My secret to homemade chili is to cheat and put a canned chili in it.
Same here. I prefer beans and onion. It just rounds it out better.
Speak of onions, I might recommend adding some freshly diced, red onion to your bowl of chili. It’s not for everyone, but it’s something i tried a couple of years back and I loved it.
https://www.casichili.net/guide-1st-time-cook.html
Rules are rules.
What they really accomplish is something closer to mole. Not chili
Precisely
Beans are okay, but.....................
My signature chili is with smoked Brisket, slow and low.
This deserves a retelling.
“Recently, I was honored to be selected as a judge at a chili cook-off. The original person called in sick at the last moment and I happened to be standing there at the judge’s table, asking for directions to the Coors Light truck, when the call came in… I was assured by the other two judges (Native New Mexicans) that the chili wouldn’t be all that spicy; and, besides, they told me I could have free beer during the tasting, so I accepted and became Judge 3.”
Here are the scorecard notes from the event:
CHILI # 1 – MIKE’S MANIAC MONSTER CHILI
Judge # 1 — A little too heavy on the tomato. Amusing kick.
Judge # 2 — Nice, smooth tomato flavor. Very mild.
Judge # 3 (Frank) — Holy crap, what the hell is this stuff? You could remove dried paint from your driveway. Took me two beers to put the flames out. I hope that’s the worst one. These New Mexicans are crazy.
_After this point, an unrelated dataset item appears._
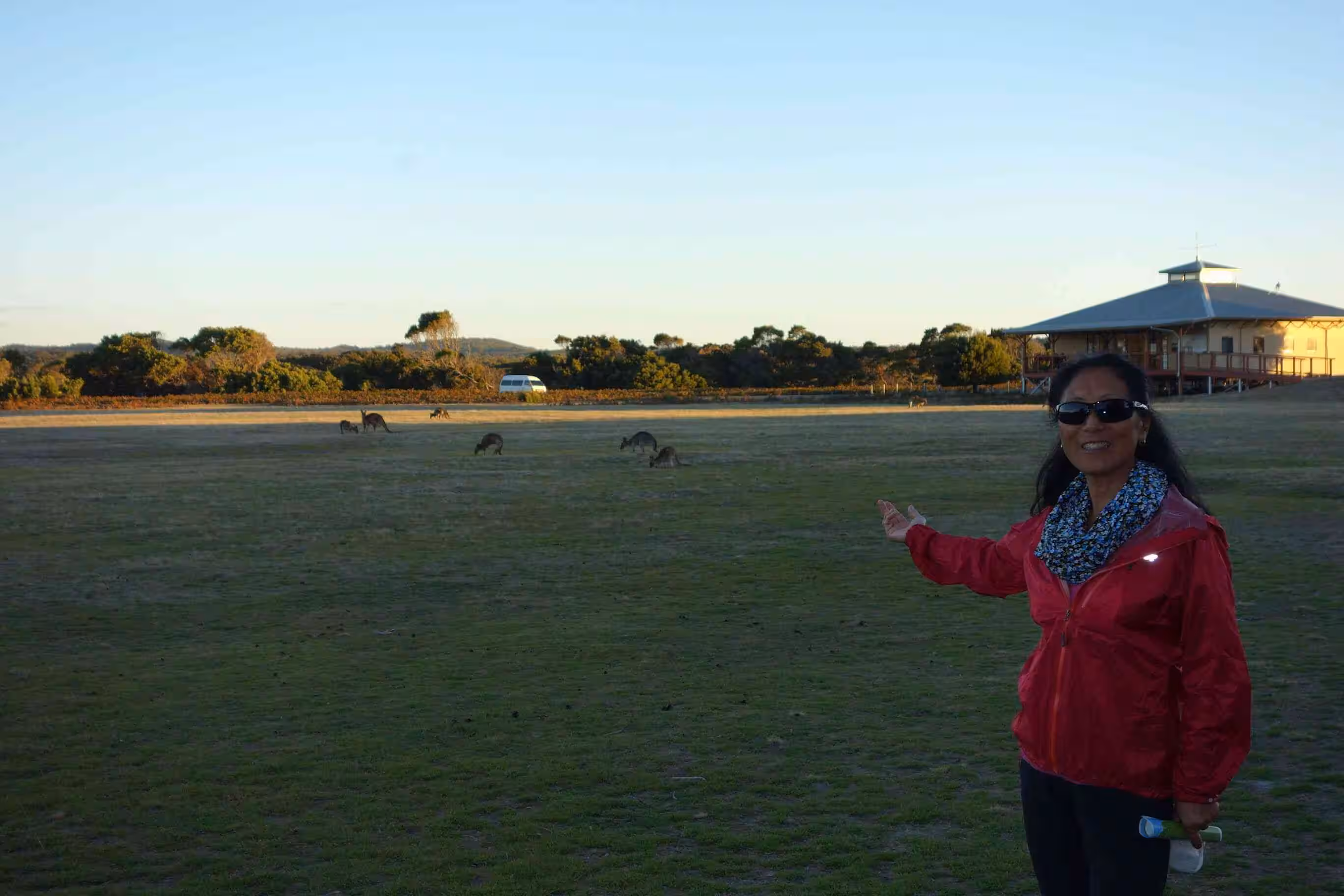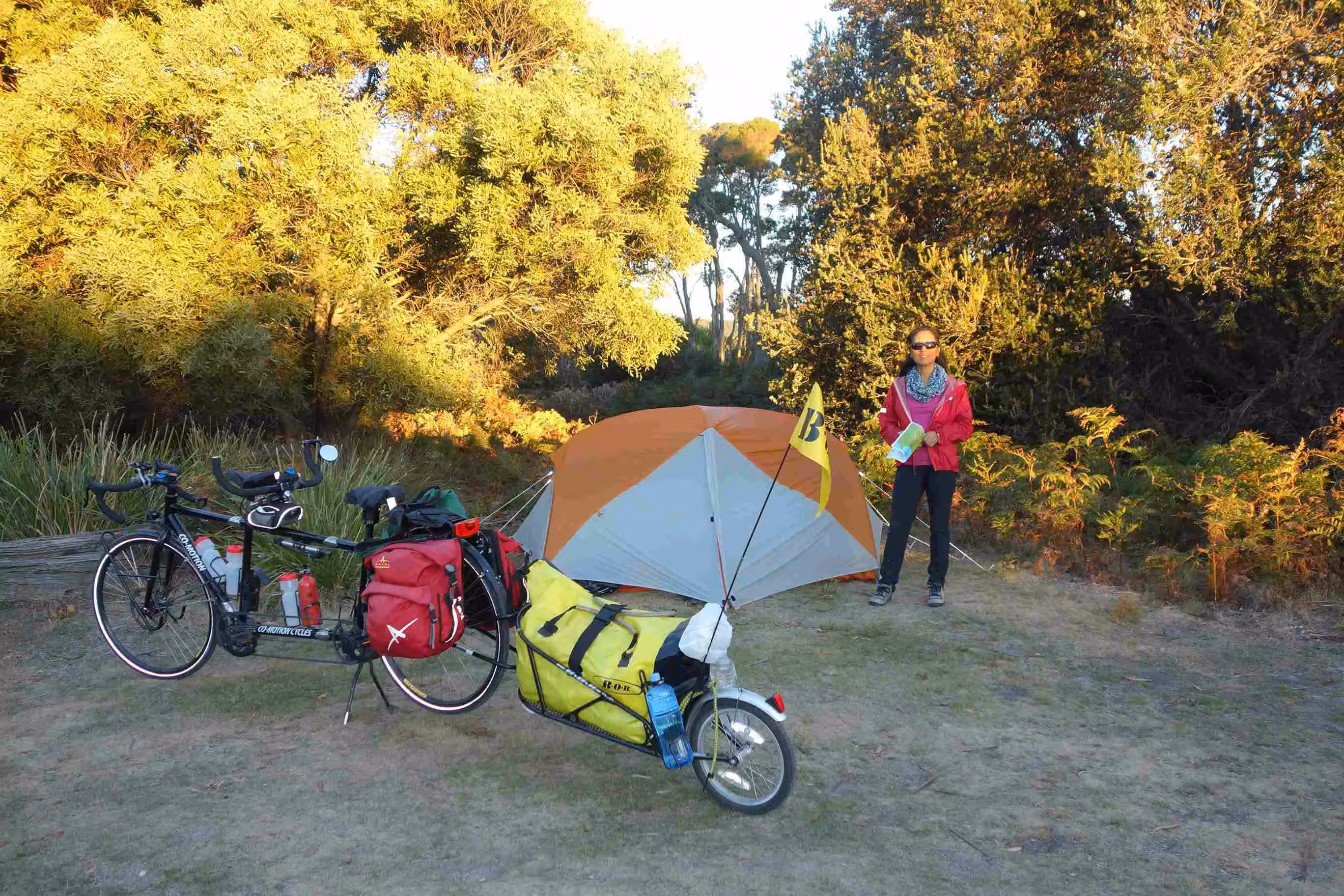 2018.03.11 – [AU] Devonport ==> Narawntapu National Park (40 kms | Total: 4431 kms) – After breaking camp, we cycled to a nearby grocery store. We bought some food supplies as we expected to be in a remote national park campground by the end of the day. We stopped at a café near the ferry dock for a quick breakfast. We tackled a climb out of town after which the road gradually leveled for the rest of the day. As we gazed at the scenery from our tandem we felt transported back to NZ’s north island. Although the sun was out in full force the temperature was quite comfortable. We arrived at the Narawntapu National Park in the early afternoon. We checked into a powered site but unfortunately the campground had no wifi access. We pitched the tent and protected it from the sun with a light tarp. This was the first time we actually camped two nights in a row. As we discovered on our way to the park that one of the road we had planned to cycle on tomorrow was actually a dirt road, we spent a few hours at the park’s visitor center reviewing our routes and accommodations for the next few days. Thankfully Jenny’s iPhone managed to provide us with internet access through her data plan – while my phone failed to offer any services – once again. Our evening meal was quite modest. While we ate sandwiches and pasta under a picnic shelter, a group of locals were having a large BBQ cook out, wine and cheese beside us. Water at the campground came from two sources, one from the ground and the other from a rain reservoir. The ground water was the color of tea and was used for the toilets. The rain water was clearer but it was still not considered safe for drinking. We used our ultra-violet water purifier for the first time. In the evening we enjoyed a walking trail leading up to a bird viewing hut. We saw several pademelons along the way. Later, we also observed a number of kangaroos in the clearing near the park’s visitors center. We met an older cycling couple, originally from NZ, but now living on a yacht in New Caledonia. They were wrapping up a five week trip in Tasmania. They appeared to have extensive cycle touring experience in various places around the world. They also appeared to enjoy roughing it as they found the $2 shower was too expensive!

CHILI # 2 – EL RANCHO’S AFTERBURNER CHILI
Judge # 1 — Smoky, with a hint of pork. Slight jalapeno tang.
Judge # 2 — Exciting BBQflavor, needs more peppers to be taken seriously.
Judge # 3 — Keep this out of the reach of children. I’m not sure what I’m supposed to taste besides pain. I had to wave off two people who wanted to give me the Heimlich maneuver. They had to rush in more beer when they saw the look on my face.
CHILI # 3 – ALFREDO’S FAMOUS BURN DOWN THE BARN CHILI
Judge # 1 — Excellent firehouse chili. Great kick.
Judge # 2 — A bit salty, good use of peppers.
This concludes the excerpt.